When a company changes its business model for managing financial instruments it shall reclassify all affected financial assets.

For more information of financial liabilities (cf. IFRS, 2012)


IFRS 9 was originally issued in 11/2009 prescribing the classification and measurement of financial assets completing the first phase of replacing IAS 39 Financial Instruments Recognition and Measurement.

IFRS 9 is limited to financial assets whereas IAS 39 also contains financial liabilities.

The 2nd (Impairment methodology) and 3rd phase (Hedge accounting) of replacing IAS 39 are still in progress with the aim to make it easier to assess the amounts of CFs arising from financial assets. IFRS 9 achieves this aim by aligning the measurement with the company´s business model (the way the entity manages its financial assets) and its contractual CF characteristics by for example a single impairment method for all financial assets not measured at FV.  IFRS 9 requires that companies/entities classify financial assets on the basis of the objective of the entity´s business model for managing financial assets and the characteristics of contractual CF. Contractual CF are considered only if financial assets are eligible to be measured at amortised cost. IFRS 9 requires also that financial assets that purchased in the secondary market have to be measured at amortised cost if their business model has the objective to collect contractual CF aid.

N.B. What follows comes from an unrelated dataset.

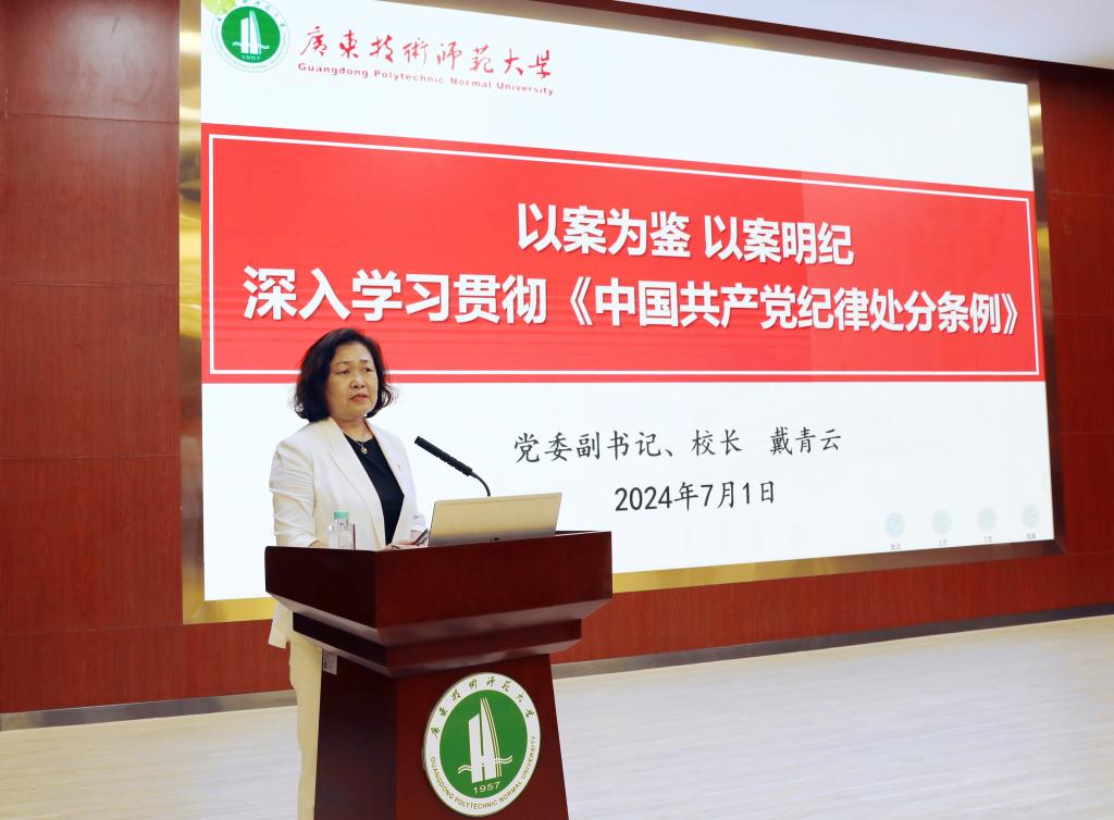 学校党委副书记、校长戴青云作了题为“以案为鉴 以案明纪——深入学习贯彻《中国共产党纪律处分条例》”的警示教育辅导报告,结合有关典型案例深入剖析校内外党员领导干部违纪违法行为的表现及危害。

If gains and losses on equity instruments measured at FV in other comprehensive income, dividends have to be recognised in other comprehensive income of profit and loss.

Reclassification between amortised cost and FV classified when the business model changes.

Requires additional disclosure for all entities first applying IFRS.

Improvements in IFRS 9
Financial assets are classified in one of two measurement categories instead of four depending of entity´s business model and contractual CF terms.
Instruments measured at amortised cost are subject to impairment. IAS 39 required impairment for financial assets measured at FV.
New presentation option for strategic equity investments.
All equity investments have to be measured at FV. There is no exception for unquoted equity instruments anymore.
Additional disclosures are required.